**EXERCISE:** Give again only what runs from the line with "Kong Hainan (front)" to the final line of the entries below, exactly as written and without pictures.

**GIVEN RECORDS:**
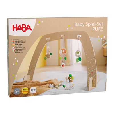 Das Set beinhaltet, was sich Babys zum glücklichen Start in eine spannende Welt wünschen: einen Spielbogen, drei lustige Hängefiguren, eine wunderschöne Schnullerkette und einen spannenden Greifling. Alle wecken durch Scheiben und Perlen aus natürlichem Holz Babys Sinne und animieren zum Schauen, Staunen und Greifen. Der dezent designte Spielbogen aus hochwertiger Birke passt perfekt zu jeder Inneneinrichtung und damit in jedes Wohn- und Kinderzimmer. Durch eingefräste Halterungen können weitere Spielzeuge via Schlaufe, Klammer, Ring und Co. am Bogen befestigt werden. Leicht auf- und wieder abgebaut und platzsparend verstaubar.
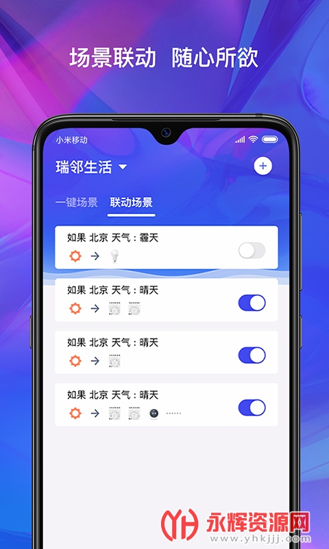 瑞邻生活是一款非常好用且功能齐全的移动端掌上在线智能家居管理工具应用软件,专门为用户提供便捷的家居控制和管理功能。这款软件同时构建家庭成员互动平台,实现智慧人居服务,提供家庭成员的互动平台,实时分享家居状况和留言,加强家庭成员间的联系,您可以远程控制家中灯光、空调、安防设备等,实现智能化家居管理。如果您对这款软件感兴趣的话,不妨来永辉资源网下载体验一番吧!
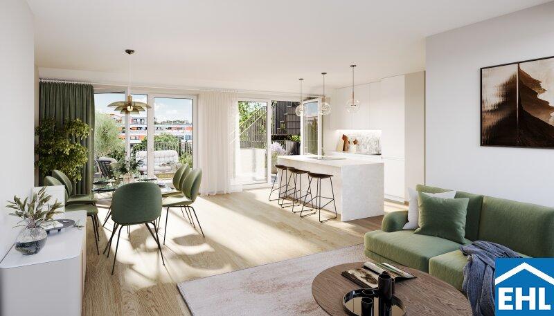 Großzügige private Freiflächen wie Eigengärten, Balkone, Terrassen, Loggien sowie beeindruckende Dachterrassen mit Panoramablick schaffen ein einzigartiges Wohngefühl.
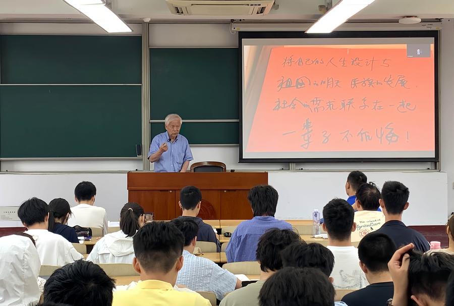 Kong Hainan (front) shares the story of ecology restoration of Erhai Lake and development of ottelia acuminata industry to freshmen at School of Environmental Science and Engineering of Shanghai Jiao Tong University in east China's Shanghai, March 14, 2025. (Xinhua/Liu Ying)
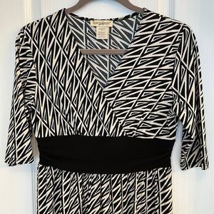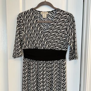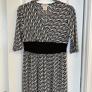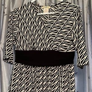Travel Smith Black and Cream Geometric Pattern Stretch Dress Size Small fits Size 6 to 8
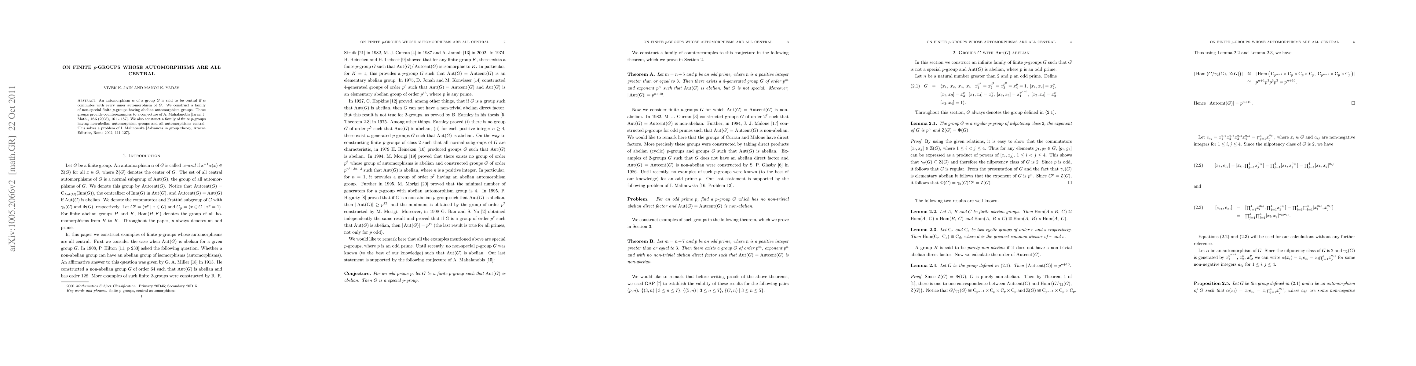 An automorphism $\alpha$ of a group $G$ is said to be central if $\alpha$ commutes with every inner automorphism of $G$. We construct a family of non-special finite $p$-groups having abelian automorphism groups. These groups provide counter examples to a conjecture of A. Mahalanobis [Israel J. Math., {\bf 165} (2008), 161 - 187]. We also construct a family of finite $p$-groups having non-abelian automorphism groups and all automorphisms central. This solves a problem of I. Malinowska [Advances in group theory, Aracne Editrice, Rome 2002, 111-127].

**REPLY TO THE EXERCISE:**
 Kong Hainan (front) shares the story of ecology restoration of Erhai Lake and development of ottelia acuminata industry to freshmen at School of Environmental Science and Engineering of Shanghai Jiao Tong University in east China's Shanghai, March 14, 2025. (Xinhua/Liu Ying)
Travel Smith Black and Cream Geometric Pattern Stretch Dress Size Small fits Size 6 to 8
 An automorphism $\alpha$ of a group $G$ is said to be central if $\alpha$ commutes with every inner automorphism of $G$. We construct a family of non-special finite $p$-groups having abelian automorphism groups. These groups provide counter examples to a conjecture of A. Mahalanobis [Israel J. Math., {\bf 165} (2008), 161 - 187]. We also construct a family of finite $p$-groups having non-abelian automorphism groups and all automorphisms central. This solves a problem of I. Malinowska [Advances in group theory, Aracne Editrice, Rome 2002, 111-127].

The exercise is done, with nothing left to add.